Description of the task: Retype the material that follows exactly, limited to the lines from the one with "leaving at 9am" through the one with "无论a取何值时,下列分式一定有意义的是", and keep out all pictures.

Records shown:

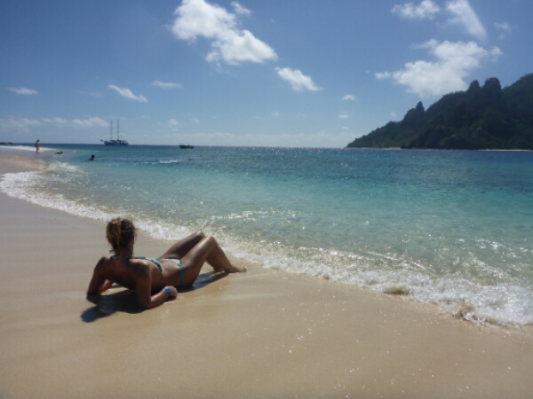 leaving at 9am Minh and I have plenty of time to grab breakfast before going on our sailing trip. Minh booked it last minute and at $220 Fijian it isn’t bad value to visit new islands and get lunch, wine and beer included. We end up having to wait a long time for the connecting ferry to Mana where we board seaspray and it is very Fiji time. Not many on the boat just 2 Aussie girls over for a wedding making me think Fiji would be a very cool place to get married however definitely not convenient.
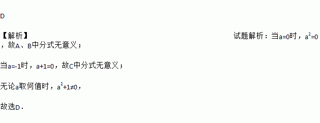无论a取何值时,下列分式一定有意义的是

--

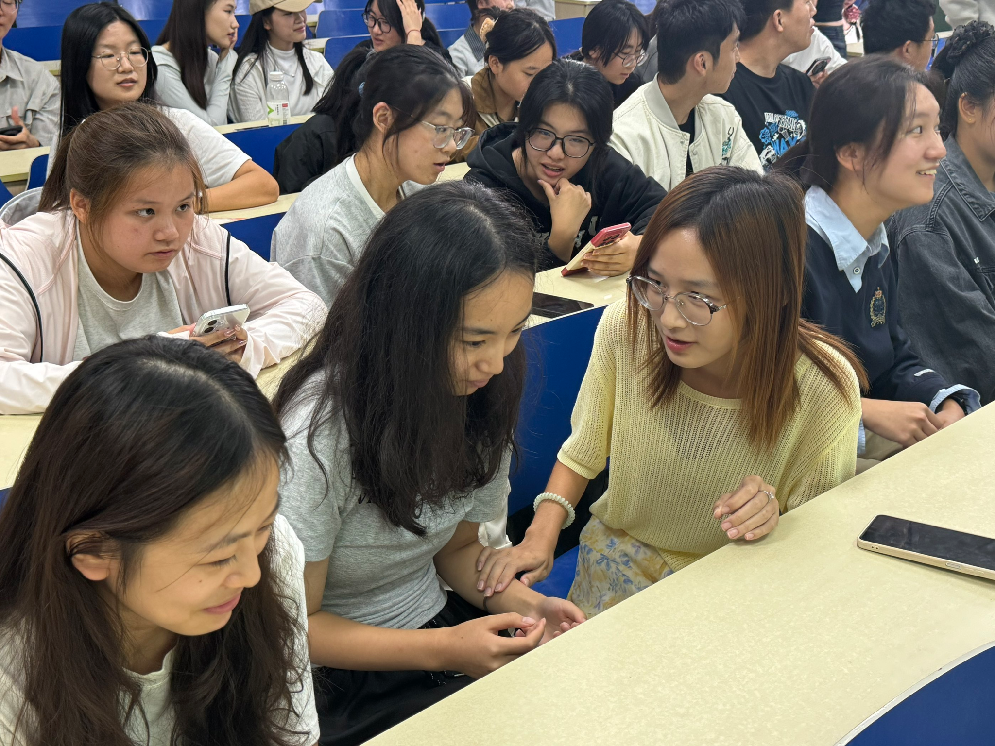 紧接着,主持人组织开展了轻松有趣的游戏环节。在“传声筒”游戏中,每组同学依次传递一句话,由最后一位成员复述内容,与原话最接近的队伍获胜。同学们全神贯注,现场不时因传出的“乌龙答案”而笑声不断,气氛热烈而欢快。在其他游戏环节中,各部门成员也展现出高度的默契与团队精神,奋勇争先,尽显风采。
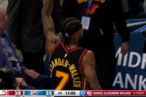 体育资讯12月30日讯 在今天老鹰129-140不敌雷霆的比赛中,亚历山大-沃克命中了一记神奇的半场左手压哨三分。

--

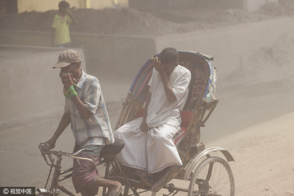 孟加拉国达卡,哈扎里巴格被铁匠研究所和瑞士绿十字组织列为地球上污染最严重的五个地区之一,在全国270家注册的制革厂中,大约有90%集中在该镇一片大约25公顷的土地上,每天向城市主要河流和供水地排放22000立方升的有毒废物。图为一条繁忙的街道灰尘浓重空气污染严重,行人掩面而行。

Finished exercise:
 leaving at 9am Minh and I have plenty of time to grab breakfast before going on our sailing trip. Minh booked it last minute and at $220 Fijian it isn’t bad value to visit new islands and get lunch, wine and beer included. We end up having to wait a long time for the connecting ferry to Mana where we board seaspray and it is very Fiji time. Not many on the boat just 2 Aussie girls over for a wedding making me think Fiji would be a very cool place to get married however definitely not convenient.
无论a取何值时,下列分式一定有意义的是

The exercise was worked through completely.